Jauh di rantau memang sedih saat momen kemenangan Idulfitri tidak bisa berkumpul dengan sanak saudara di kampung halaman. Namun begitu, Irawan Gutama Mataram mengajak sanak saudara di kampung halaman bisa mengambil hikmat dari cobaan ini.

” Jangan hanya cobaan pandemi Covid -19 ini memutus rasa sillahturahmi, tapi mari kita jadikan cobaan ini sebagai cambuk untuk lebih meningkatkan rasa sillahturahmi kita,” kata Rajo Pasisie.

Dikatakan H.Irawan Gutama Mataram Rajo Pasisie, ingin rasanya cepat kembali kekampung halaman, Kabupaten Pesisir Selatan. Hanya do’a pada Allah Swt bisa terus dipanjatkan, muda – mudahan cobaan ini segera berakhir. Dan, bisa kembali ke kampung halaman bercengkraman bersama sanak saudara.
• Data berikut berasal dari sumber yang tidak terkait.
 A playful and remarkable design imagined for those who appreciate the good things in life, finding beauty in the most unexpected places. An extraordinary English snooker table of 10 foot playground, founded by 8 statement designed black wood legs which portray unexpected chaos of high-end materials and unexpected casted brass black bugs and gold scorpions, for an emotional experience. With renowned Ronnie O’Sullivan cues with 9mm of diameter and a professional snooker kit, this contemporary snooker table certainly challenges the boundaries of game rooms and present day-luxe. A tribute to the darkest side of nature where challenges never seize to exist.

Persaudaraan dan rasa kekulargaan tidak akan bisa hilang, atau dipisahkan dengan kampung halaman, dimana Irawan Gutama Mataram Rajo Pasisie pernah merasakan suka duka di kampung halaman. Pesisir Selatan adalah mutiara berlian, ujar Rajo Pasisie.

” maka mutiara berlian ini harus sama – sama kita jagah bersama. Karena Pesisir Selatan ini milik kita bersama,” tegas H.Irawan Gutama Mataram Rajo Pasisie.
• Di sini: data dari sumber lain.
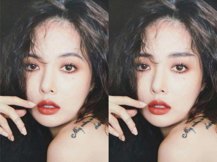 相反图一的话给人感觉就不一样了,整个妆容的话从眉毛到嘴巴,每一处的话都是相当浓了,泫雅的渣女脸真的是嚣张到惊艳,给人的感觉就是"被靠近我,都离我远点"身材的话也是绝了,性感妩媚,小编的话看这这张脸真的是我!可!已!!!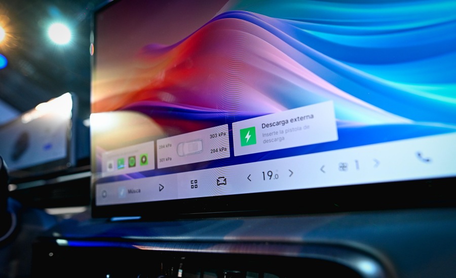 Dentro del equipamiento se destacan la pantalla táctil HD de 15,4 pulgadas, el panel de instrumentos digital de 10,2″, las cámaras panorámicas 360° con visión envolvente, y el volante multifunción en microfibra, con ajuste manual en cuatro posiciones.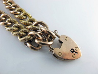 Lot #207 - An Old 9ct Rose Gold 'Night'And-Day' Curb-Link Bracelet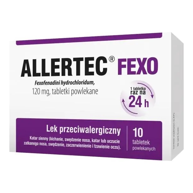 Allertec Fexo содержит фексофенадина гидрохлорид, который является антигистаминным средством. Препарат применяют для лечения взрослых и детей в возрасте от 12 лет и старше. симптомы сенной лихорадки (сезонный аллергический ринит), такие как чихание, зуд в носу, насморк или заложенность носа, а такжезуд, красные и слезящиеся глаза.

Sekali lagi dihari kemenangnan seluruh umat Muslim di penjuru Dunia, atas nama pribadi dan kelurga Ia mengucapkan selamat hari raya Idul Fitri 1441 H, mohon   Minal’ Aidin wal- Faizin.
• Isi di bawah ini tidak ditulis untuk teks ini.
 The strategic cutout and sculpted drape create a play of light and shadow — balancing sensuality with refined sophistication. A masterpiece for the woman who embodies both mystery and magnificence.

“اللَّهُ أكبرُ كَبِيراً، والحمدُ لِلَّه كَثِيراً، وسبحان الله بُكْرَةً وَأصِيلاً؛ وَجَّهْتُ وَجْهِيَ لِلَّذِي فَطَرَ السَّمَوَاتِ وَالأَرْضَ حَنِيفاً مُسْلِماً، وما أنا من المُشْرِكِينَ، إنَّ صَلاتِي وَنُسُكِي وَمَحْيايَ وَمَمَاتِي لِلَّهِ رَبّ العالَمِينَ، لا شَرِيكَ لهُ، وَبِذَلِكَ أمرتُ وأنَا مِنَ المُسْلِمينَ؛ اللَّهُمَّ أنْتَ المَلكُ، لا إلهَ إِلاَّ أنْتَ، أَنْتَ رَبِّي وأنا عَبْدُكَ، ظلمتُ نَفْسِي واعْتَرَفْتُ بِذَنْبِي، فاغْفِرْ لي ذُنُوبِي جَمِيعاً؛ فإنَّهُ لاَ يَغْفِرُ الذُّنُوبَ إِلاَّ أنْتَ، وَاهْدِني لأحْسَنِ الأخْلاقِ لا يَهْدِي لأحْسَنها إلاَّ أَنْتَ، وَاصْرِفْ عَنِّي سَيِّئَها لا يصرف عني سَيِّئَها إِلاَّ أَنْتَ، لبيك وَسَعْدَيْكَ، والخَيْرُ كُلُّهُ في يَدَيْكَ، وَالشَّرُّ لَيْسَ إِلَيْكَ، أنا بِكَ وَإِلَيْكَ، تَبارَكْتَ وَتعالَيْتَ، أسْتَغْفِرُكَ وأتُوبُ إِلَيْكَ”.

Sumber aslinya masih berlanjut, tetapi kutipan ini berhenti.